The SOM grid visualization diagram is shown in Figure 1.
Figure 1
Formulas:
- Distance Calculation: $d(i, x) = | w_i – x |$ , where ( w_i ) is the weight vector of neuron ( i ), and ( x ) is the input vector.
- Weight Update Rule: $w_i(t + 1) = w_i(t) + \eta(t) \cdot h_{ci}(t) \cdot (x(t) – w_i(t))$
- $\eta(t)$ : learning rate
- $h_{ci}(t)$ : neighborhood function centered around the winning neuron ( c )
Practical example:
Consider a dataset of customer purchase behavior in an e-commerce store. SOM can map customers with similar purchasing patterns to neighboring nodes, helping identify customer segments for targeted marketing campaigns.
Step-by-step:
- Load and preprocess the data
- Initialize the SOM and train it
- Visualize the results
!pip install minisom
import numpy as np
import matplotlib.pyplot as plt
#The MiniSom library is a Python tool for implementing Self-Organizing Maps (SOMs) to visualize, cluster, and analyze high-dimensional data unsupervised.
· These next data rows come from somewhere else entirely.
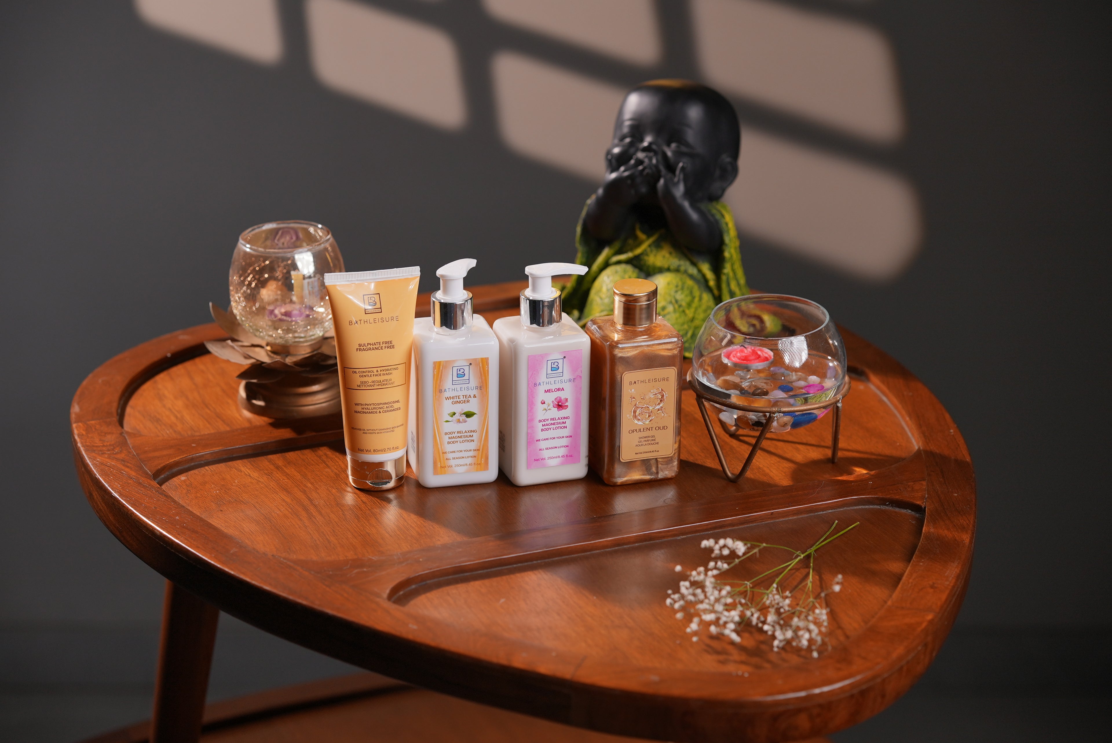 The Bathleisure Facewash, enriched with aloe vera and vitamin C, gently removes dirt and oil while keeping your skin hydrated. Our Shower Gel nourishes and refreshes, turning every bath into a moment of leisure.
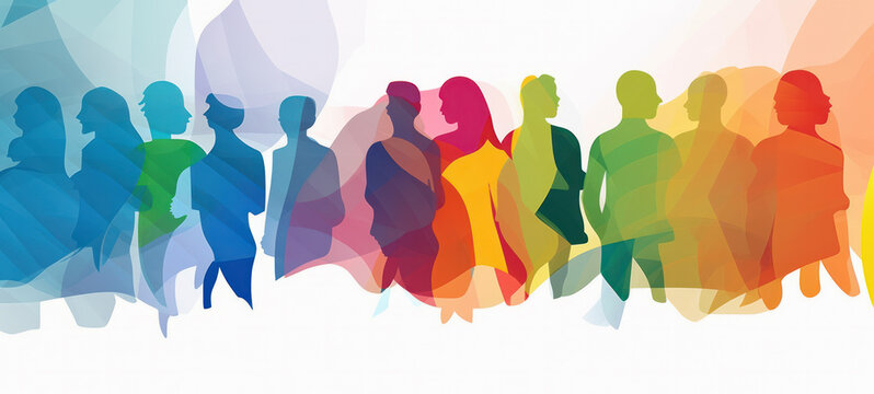Abstract colorful art watercolor painting depicts a diverse group of people united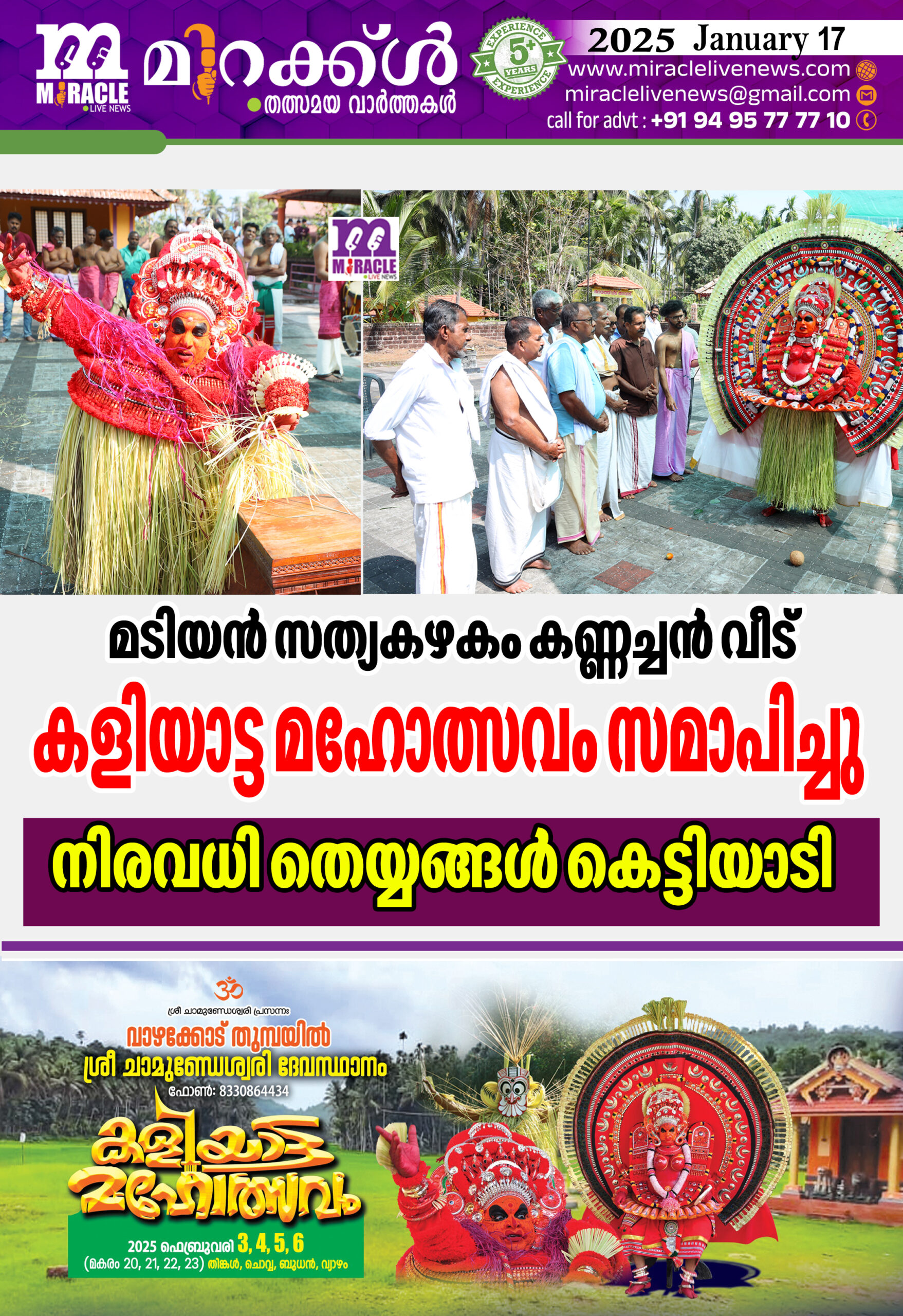 മടിയന് സത്യകഴകം കണ്ണച്ചന് വീട് കളിയാട്ട മഹോത്സവം സമാപിച്ചു; നിരവധി തെയ്യങ്ങള് കെട്ടിയാടി

from minisom import MiniSom
# Step 1: Generate synthetic data (e.g., customer purchasing data)
np.random.seed(42)
data = np.random.rand(100, 2) # 100 data points with 2 features each
# Step 2: Initialize the SOM
som = MiniSom(x=10, y=10, input_len=2, sigma=1.0, learning_rate=0.5)
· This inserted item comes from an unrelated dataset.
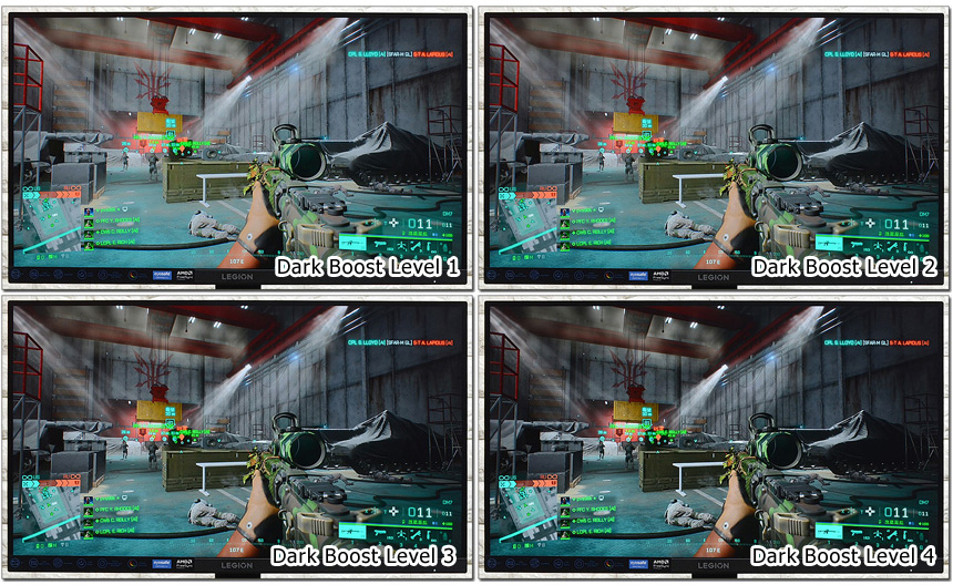 Dark Boost 기능을 지원해 야간이나 실내맵에서 시인성을 높일 수 있다. 너무 밝으면 선명도가 떨어질 수 있으니 게임 환경에 맞게 값을 지정해 활용하기 바란다.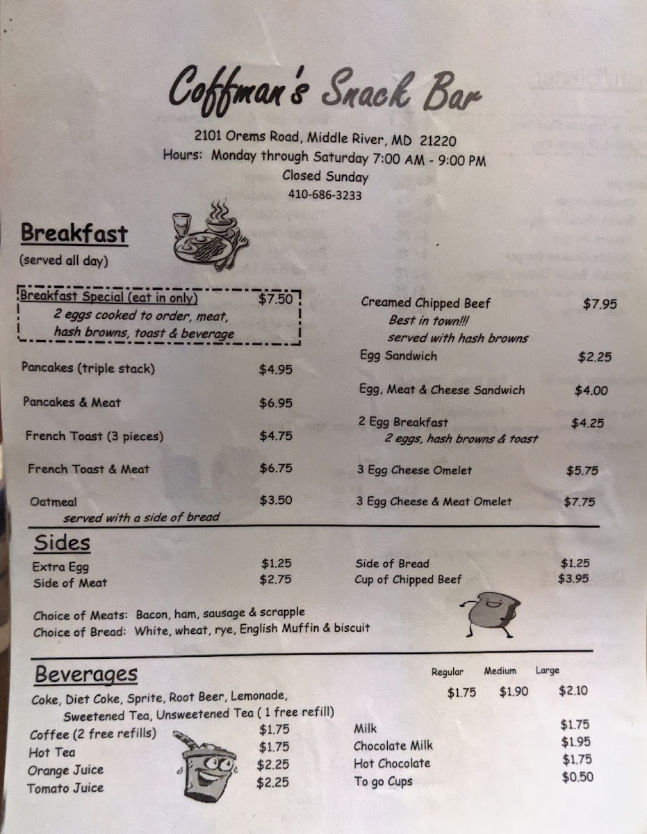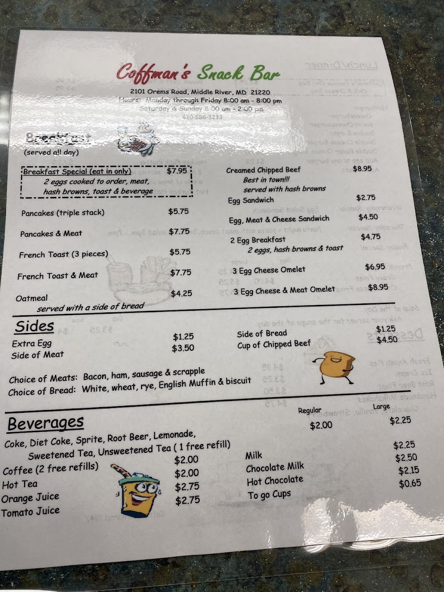 Welcome to Coffman's Snack Bar, a beloved local gem nestled in Middle River, Maryland. Offering a nostalgic vibe and a menu full of hearty options, it’s the perfect spot for breakfast or lunch. Dive into our breakfast specials, where fluffy Pancakes and savory 3 Egg Cheese Omelets set the tone for a great day. For lunch or dinner, enjoy classic choices like a mouthwatering Turkey Club Sandwich or a crispy BLT, which have garnered rave reviews from satisfied customers.

som.random_weights_init(data)
# Step 3: Train the SOM
som.train_random(data, num_iteration=100)
# Step 4: Visualize the SOM grid
plt.figure(figsize=(10, 10))
for i, x in enumerate(data):
winner = som.winner(x)
plt.text(winner[0], winner[1], str(i), color='red', fontdict={'weight': 'bold', 'size': 11})
plt.imshow(som.distance_map().T, cmap='coolwarm', interpolation='nearest')
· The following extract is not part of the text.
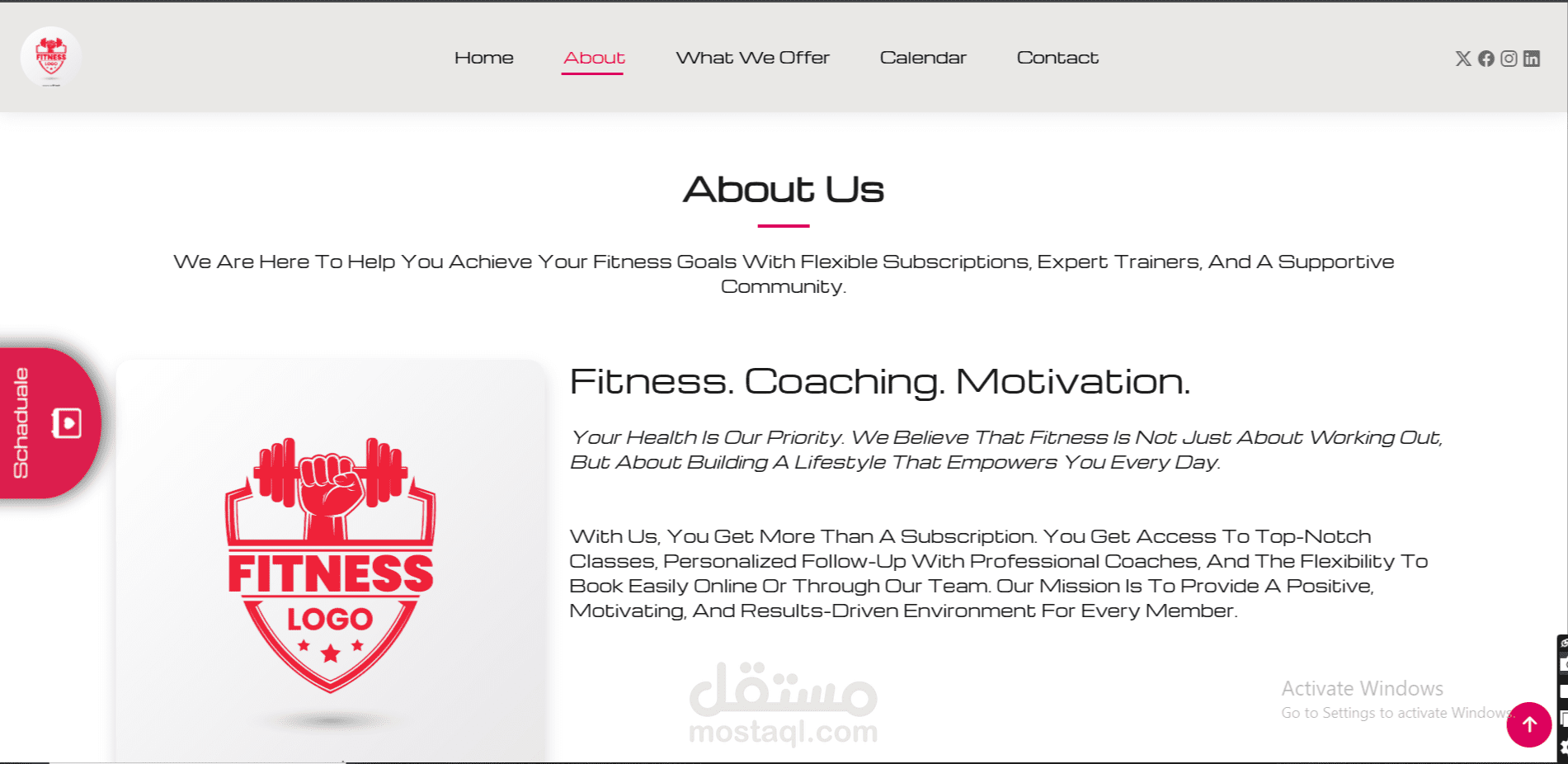 الموقع عبارة عن صفحة واحدة (Single Page Application) تم تصميمها لتكون واجهة تفاعلية تسهّل على الزوار التعرف على الصالة الرياضية، متابعة العروض، استعراض الجدول، وحجز الكلاسات مباشرة.

plt.colorbar(label='Distance')
plt.title('SOM Grid Visualization')
plt.show()
Explanation:
- Generate data: We create a synthetic dataset of 100 points with two features each.
- Initialize SOM: We create a 10×10 grid SOM using MiniSom with an input length of 2 (matching the data features).
- Train SOM: We train the SOM with num_iteration=100, where the SOM adjusts its weights to map the input data onto the grid.
- Visualize results: The trained SOM is visualized, with each data point mapped to its closest neuron. The grid’s color indicates the distance between neighboring neurons, with darker colors representing larger distances.